Fortuitous Revenge

In the mid 1970s I was teaching in New Rochelle, New York, and when I was home with my family for Christmas break one year I went into Boston for a day, and as I headed back to the train I went into a musical instrument store on Boylston Street. The store had been there since to 19th Century and it was the one that many professional musicians frequented through the years.

What had enticed me to go in was a set of bagpipes I saw through the window that was in a display case. I always wanted a set of pipes and I was curious about the price.

It was a full set of Highland pipes with drones, mouthpiece, and chanter made of African ebony with real ivory trims and mounts, and an authentic suede bag covered with the tartan of the Black Watch, the Forty Twa.
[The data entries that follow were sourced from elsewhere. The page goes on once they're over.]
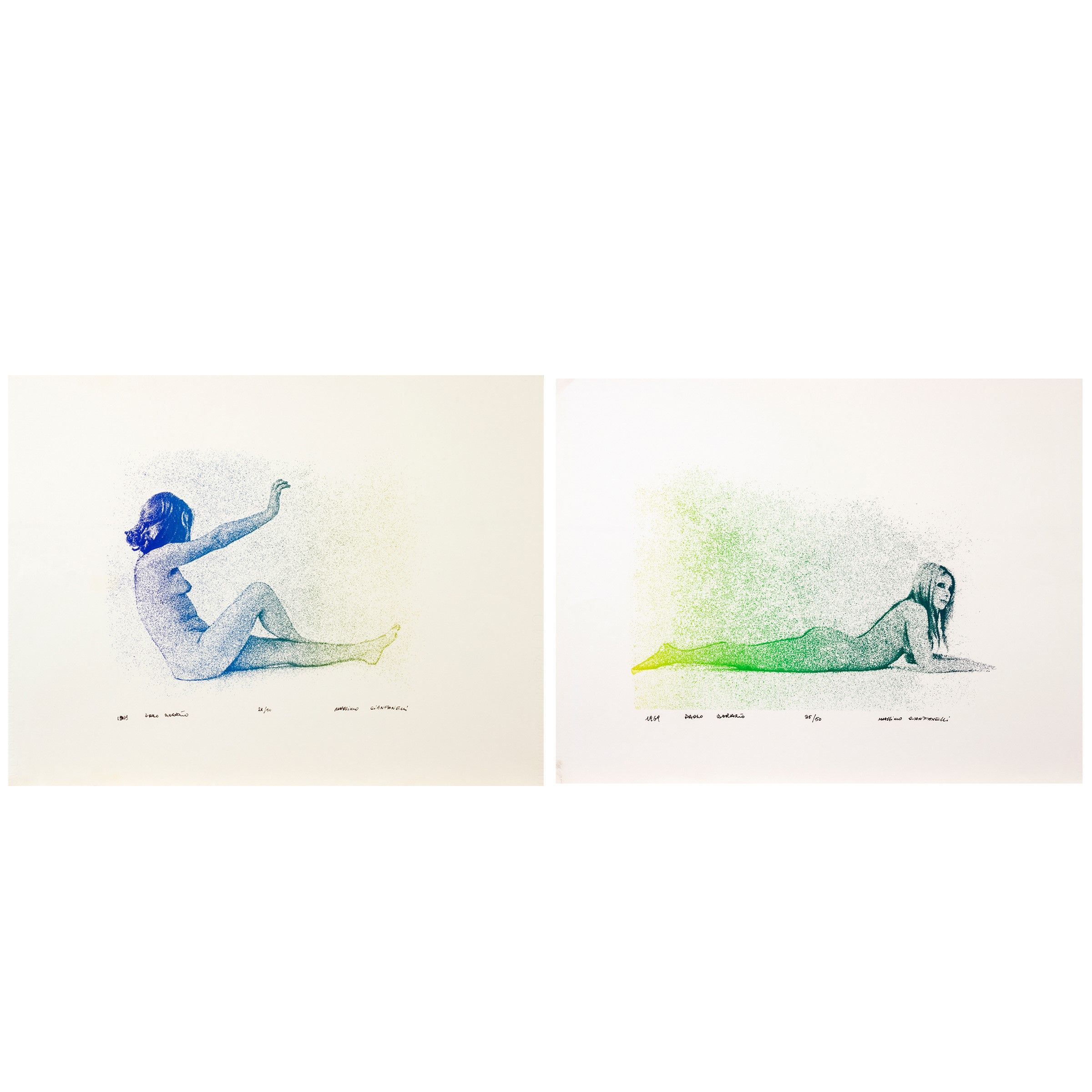 XX Sec. Nudo disteso e Nudo seduto, 1969, coppia di serigrafie a colori, es. 35/50 - 21/50, firmate e datate
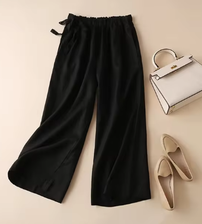 Pantalones de corte recto con lazo caqui y cintura alta elástica
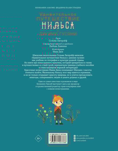 Красочные иллюстрации Ивана Дюка показывают Швецию с высоты птичьего полёта.  Маленькому Нильсу этот мир кажется огромным и он не только открывает красоту природы, он учится преодолевать невзгоды, сопереживать людям и ценить родных и друзей.
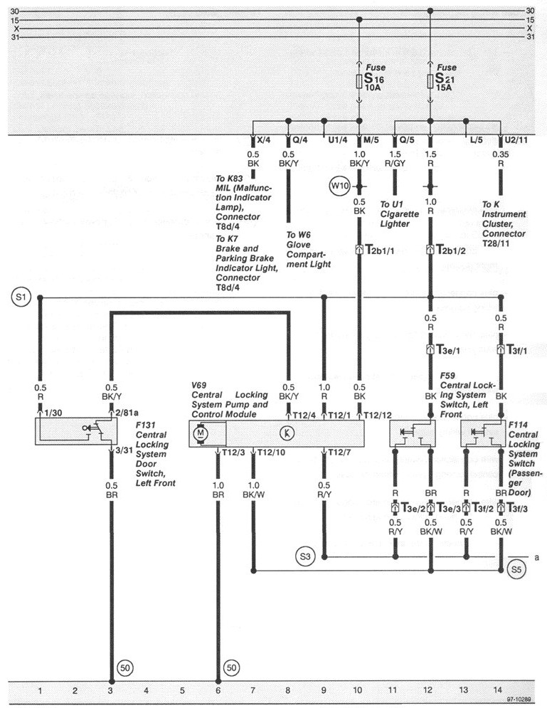 Central Locking System Switch (Passenger Door), F114 13-14
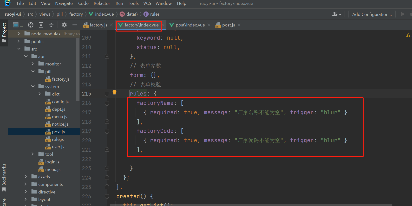 修改如下,这地方修改也是参照着post\index.vue中粘贴修改
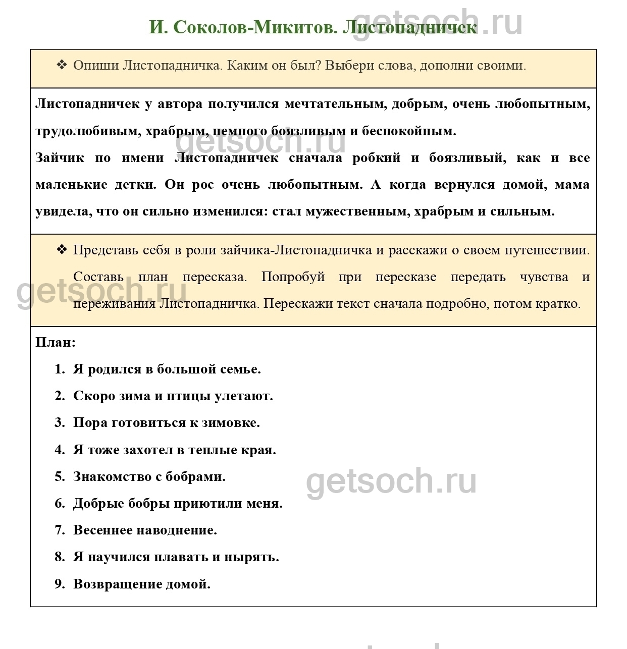 Представь себя в роли зайчика-Листопадничка и расскажи о своем путешествии. Составь план пересказа. Попробуй при пересказе передать чувства и переживания Листопадничка. Перескажи текст сначала подробно, потом кратко.
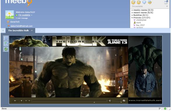 Meebo’s ads will appear at the bottom of its chat windows (screenshot sample of an ad for the movie The Incredible Hulk, above). Click on an ad that you find interesting and it will expand on to the page, and may include content like a video to watch or a simple video game to play (big screenshot, below). Launch partner advertisers include Havaianas, Sony Electronics, Universal Pictures, and the rock band Weezer.
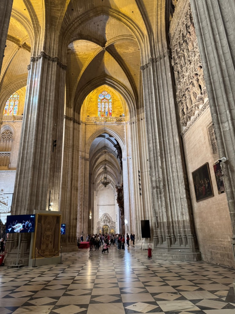 Our final day in Sevilla was spent visiting the Catedral de Sevilla and the Plaza de España both of which are magnificent. The Catedral de SevIlla is one of the largest churches in the world and the largest Gothic cathedral. The Giralda is the bell tower of the cathedral. Its’ height is 343 feet and the price of the ticket included climbing the tower for a wonderful bird’s eye view of the city. In addition, we visited Plaza de España for a second time on this trip. It was built for the 1929 Ibero Americana Exposition and designed by the architect Aníbal Gonzalez Alvarez Ossorio. It is the most beautiful plaza we have ever visited.

I was surprised with the low price, but as the clerk explained, they had bought the set from a person who sold it to the store for a very low price to cure a financial problem, and pipes not being something they dealt with, they wanted to just move it along.

They allowed me to make a small down payment, and a week or two later I was able to get back to pay the balance.

 I played various woodwind instruments among them the recorder, and it did not take long to see that the fingering was easy because of that.

 Filling the bag and keeping it filled was the problem.

A fellow teacher in New Rochelle, who was also an auxiliary NYC police officer, introduced me to the officer who led the NYCPD Bagpipe contingent who solved that problem by telling me to fill the bag until the chanter had an erection, his language was quite colorful, and then just blow into the bag to keep it filled.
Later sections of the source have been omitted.